● TASK GOAL: Records follow. Print exactly the lines from the one that has "Stereo Subwoofer Bluetooth" through the one that has "พุธที่ 19 พ.ค.64", inclusive, and omit the pictures.

● LISTED ENTRIES:
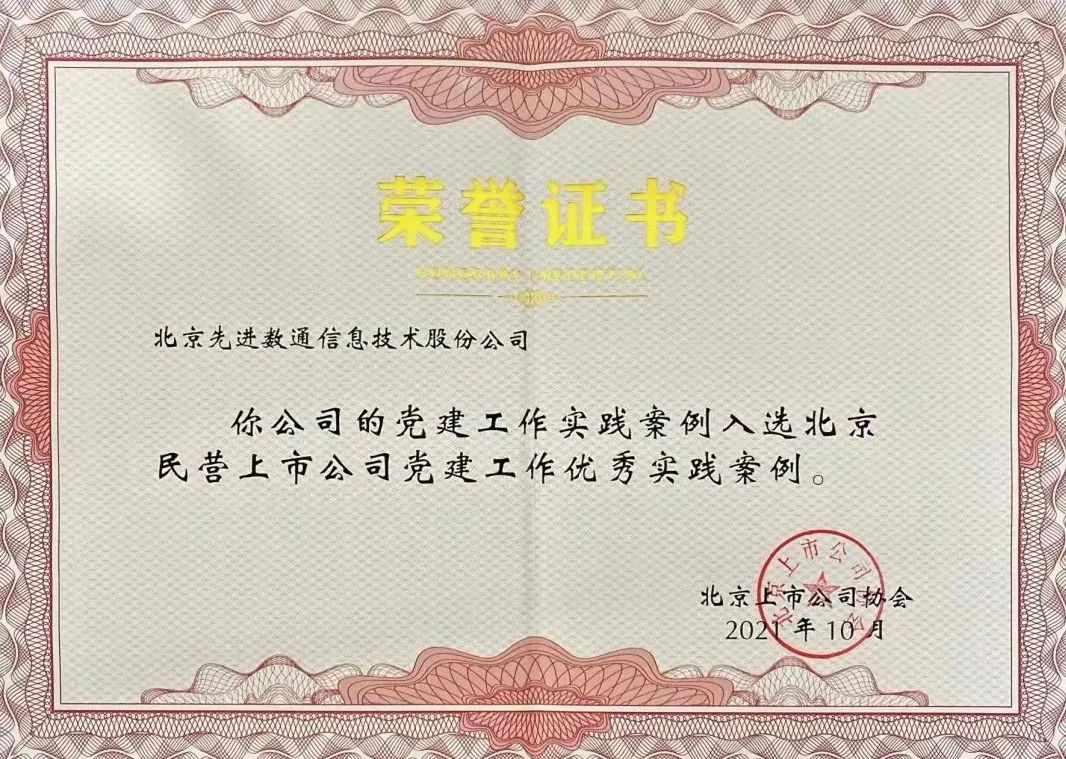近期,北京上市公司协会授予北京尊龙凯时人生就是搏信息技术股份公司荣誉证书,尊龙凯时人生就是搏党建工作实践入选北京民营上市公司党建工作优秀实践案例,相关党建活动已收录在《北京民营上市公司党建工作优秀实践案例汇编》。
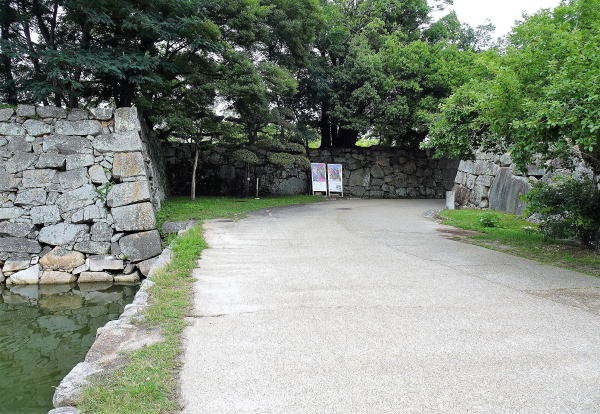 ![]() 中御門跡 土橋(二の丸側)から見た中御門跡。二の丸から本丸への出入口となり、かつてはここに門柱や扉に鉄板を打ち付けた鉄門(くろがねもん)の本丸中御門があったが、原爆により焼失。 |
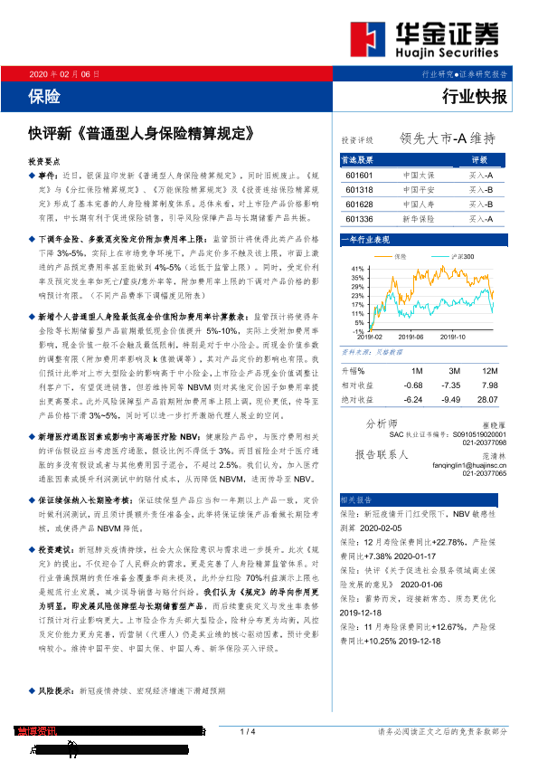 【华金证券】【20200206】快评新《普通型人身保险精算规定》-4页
---
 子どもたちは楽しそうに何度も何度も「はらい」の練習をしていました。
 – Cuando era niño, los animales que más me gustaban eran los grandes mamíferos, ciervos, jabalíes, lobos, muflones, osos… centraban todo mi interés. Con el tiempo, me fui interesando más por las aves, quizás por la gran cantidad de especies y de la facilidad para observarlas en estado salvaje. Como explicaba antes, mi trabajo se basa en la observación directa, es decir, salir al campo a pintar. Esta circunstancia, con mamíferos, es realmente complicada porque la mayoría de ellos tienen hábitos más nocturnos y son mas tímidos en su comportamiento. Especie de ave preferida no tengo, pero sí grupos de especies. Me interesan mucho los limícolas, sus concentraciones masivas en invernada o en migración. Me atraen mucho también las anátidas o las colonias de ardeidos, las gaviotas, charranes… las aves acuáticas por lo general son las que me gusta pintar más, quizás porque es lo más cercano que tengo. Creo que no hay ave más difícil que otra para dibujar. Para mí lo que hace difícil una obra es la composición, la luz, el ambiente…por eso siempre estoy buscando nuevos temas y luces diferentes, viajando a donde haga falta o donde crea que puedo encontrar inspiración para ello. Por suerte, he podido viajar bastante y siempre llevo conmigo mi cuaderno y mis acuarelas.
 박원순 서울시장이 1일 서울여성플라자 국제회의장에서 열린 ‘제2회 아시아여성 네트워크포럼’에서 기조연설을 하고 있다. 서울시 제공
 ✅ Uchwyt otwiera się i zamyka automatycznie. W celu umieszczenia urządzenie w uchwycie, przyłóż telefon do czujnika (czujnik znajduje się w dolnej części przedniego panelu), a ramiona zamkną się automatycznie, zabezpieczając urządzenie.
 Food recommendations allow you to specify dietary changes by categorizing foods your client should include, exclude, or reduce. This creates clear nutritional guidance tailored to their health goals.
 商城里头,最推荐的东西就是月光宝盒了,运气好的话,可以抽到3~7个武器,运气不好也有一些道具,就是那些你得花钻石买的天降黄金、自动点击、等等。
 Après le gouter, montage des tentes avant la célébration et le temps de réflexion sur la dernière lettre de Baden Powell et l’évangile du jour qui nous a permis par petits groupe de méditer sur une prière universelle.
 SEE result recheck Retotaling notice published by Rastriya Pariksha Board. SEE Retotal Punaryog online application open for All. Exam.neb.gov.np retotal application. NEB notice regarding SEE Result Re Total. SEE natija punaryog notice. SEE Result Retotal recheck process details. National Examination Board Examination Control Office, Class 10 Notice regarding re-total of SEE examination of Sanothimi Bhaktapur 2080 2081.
---
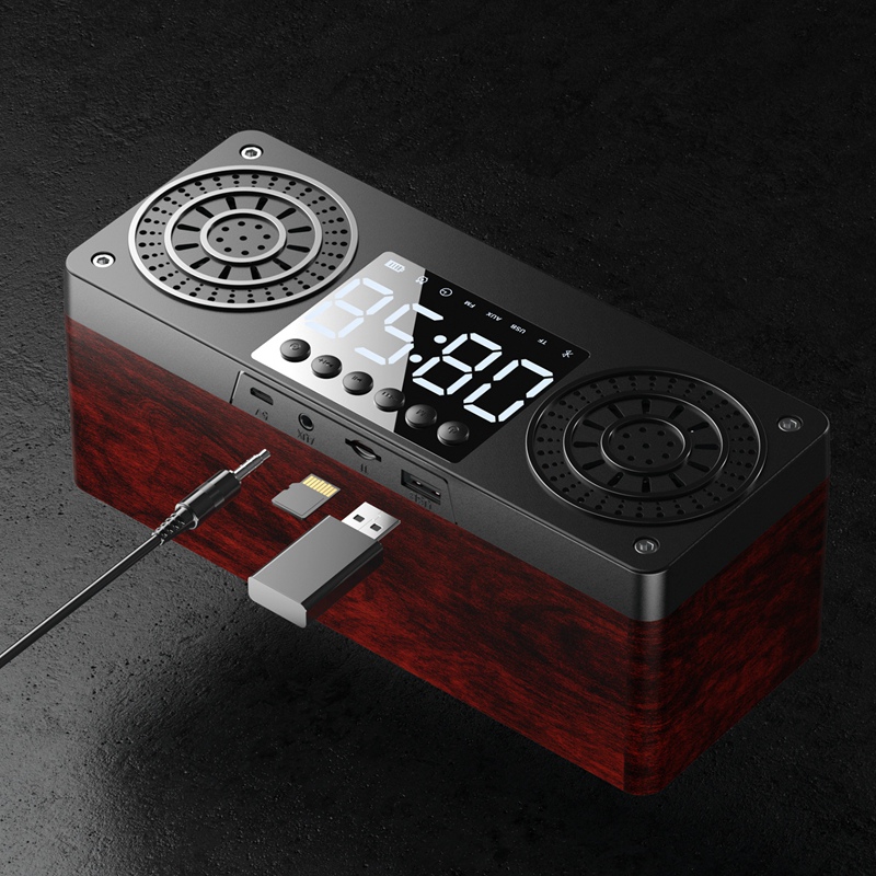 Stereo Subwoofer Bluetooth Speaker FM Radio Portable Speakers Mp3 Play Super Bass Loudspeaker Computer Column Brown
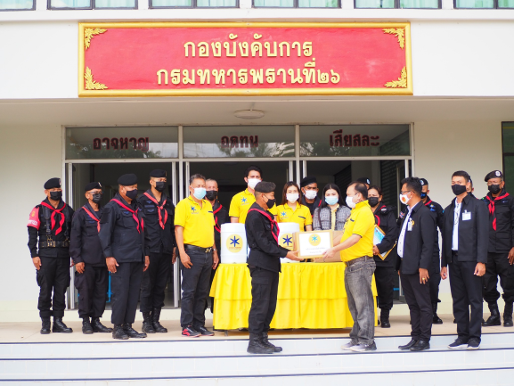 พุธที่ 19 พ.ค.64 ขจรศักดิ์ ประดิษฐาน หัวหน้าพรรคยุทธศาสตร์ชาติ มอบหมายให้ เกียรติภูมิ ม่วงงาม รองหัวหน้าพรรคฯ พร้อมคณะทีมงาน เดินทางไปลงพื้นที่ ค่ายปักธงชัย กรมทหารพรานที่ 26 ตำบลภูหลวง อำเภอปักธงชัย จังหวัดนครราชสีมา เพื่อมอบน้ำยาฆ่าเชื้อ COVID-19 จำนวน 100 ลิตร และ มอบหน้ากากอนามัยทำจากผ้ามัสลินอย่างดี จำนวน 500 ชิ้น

● THE COMPLETED TASK:
 Stereo Subwoofer Bluetooth Speaker FM Radio Portable Speakers Mp3 Play Super Bass Loudspeaker Computer Column Brown
 พุธที่ 19 พ.ค.64 ขจรศักดิ์ ประดิษฐาน หัวหน้าพรรคยุทธศาสตร์ชาติ มอบหมายให้ เกียรติภูมิ ม่วงงาม รองหัวหน้าพรรคฯ พร้อมคณะทีมงาน เดินทางไปลงพื้นที่ ค่ายปักธงชัย กรมทหารพรานที่ 26 ตำบลภูหลวง อำเภอปักธงชัย จังหวัดนครราชสีมา เพื่อมอบน้ำยาฆ่าเชื้อ COVID-19 จำนวน 100 ลิตร และ มอบหน้ากากอนามัยทำจากผ้ามัสลินอย่างดี จำนวน 500 ชิ้น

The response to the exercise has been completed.